Dikutip dari laman Kemenkeu.go.id, bahwa sektor keuangan syariah berkontribusi besar terhadap pertumbuhan ekonomi Indonesia. Kebutuhan keuangan syariah bukan hanya menyangkut pada preferensi terkait agama. Namun, lebih dari itu keuangan syariah memilih fungsi dan tujuan lain.
Peran Industri Keuangan Syariah
Ada tiga fungsi industri keuangan syariah dalam ekonomi. Pertama, industri keuangan syariah dapat menjadi wadah intermediasi dalam pembangunan ekonomi nasional seperti penyediaan pembiayaan sektor produktif. Kedua, industri keuangan syariah juga berperan dalam menghimpun dana dari berbagai sumber, diantaranya:
- Investor syariah yang berasal dari negara GCC (The Gulf Cooperation Council) yang terdiri dari Bahrain, Oman, Kuwait, Qatar, Uni Emirat Arab dan Arab Saudi.

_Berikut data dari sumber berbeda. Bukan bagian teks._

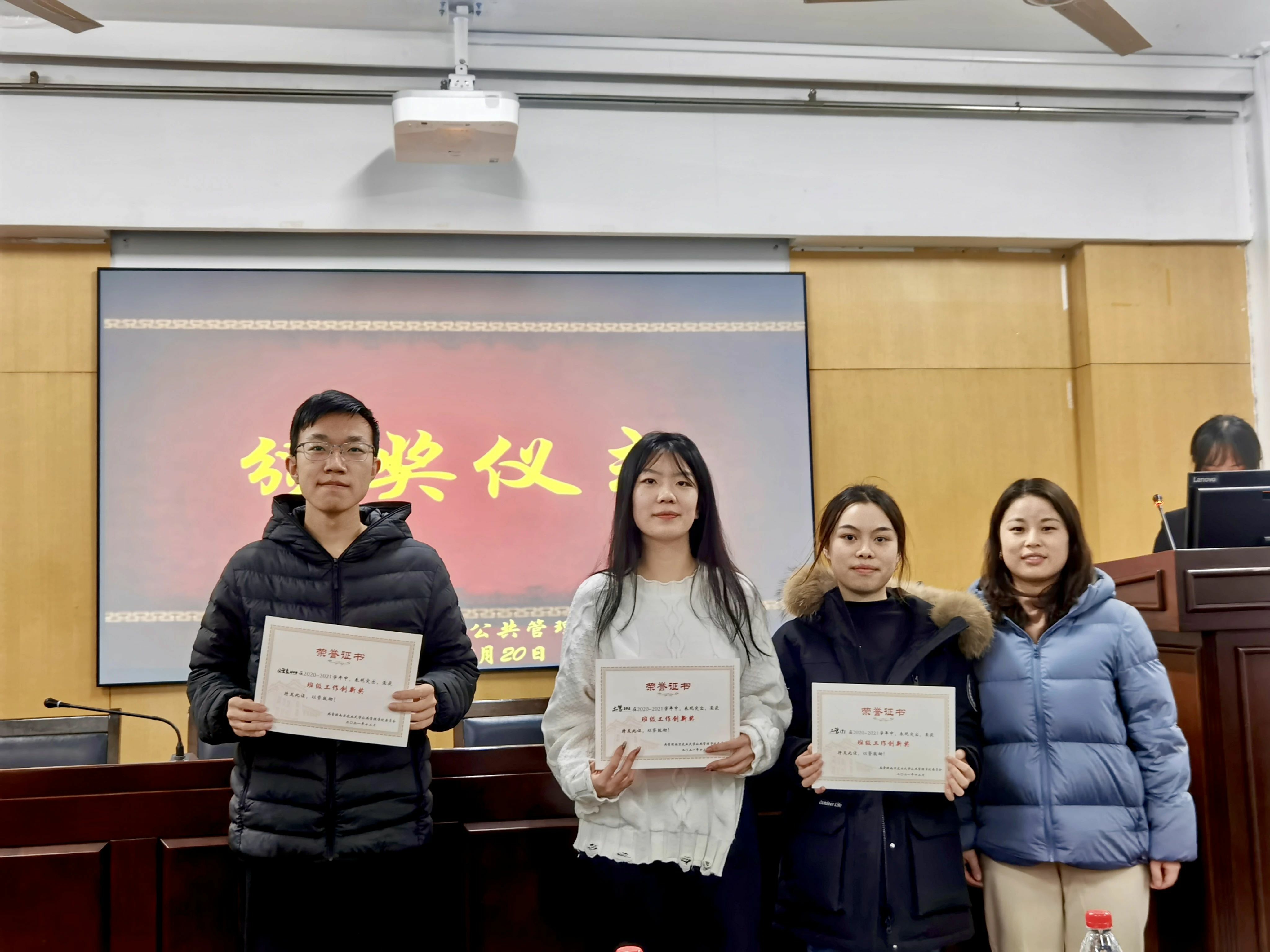 土管191班、土管202班、公管类2104班由颜玉萍老师颁发“班级工作创新奖”;人力191班、行政201班、公管类2105班由汪浩老师颁发“班级活动风尚奖”;土管193班、保障191班、人力201班、公管类2106班由张树峰老师颁发“最佳班级奖”。

- Investor konvensional internasional dan ASEAN yang mencari alternatif portofolio investasi berbasis syariah;
- Investor dari dunia Barat yang berinvestasi pada proyek yang etis dan bersifat sosial.
Fungsi ketiga, industri keuangan syariah dapat mendorong tabungan domestik untuk membantu pendanaan pada proyek-proyek nasional. Hal ini juga turut mempengaruhi iklim investasi sesuai syariah. Dengan jangkauan luas ke semua segmen masyarakat, termasuk kalangan yang kurang mampu. Peran keuangan syariah sangat berkontribusi besar bagi semua lapisan masyarakat.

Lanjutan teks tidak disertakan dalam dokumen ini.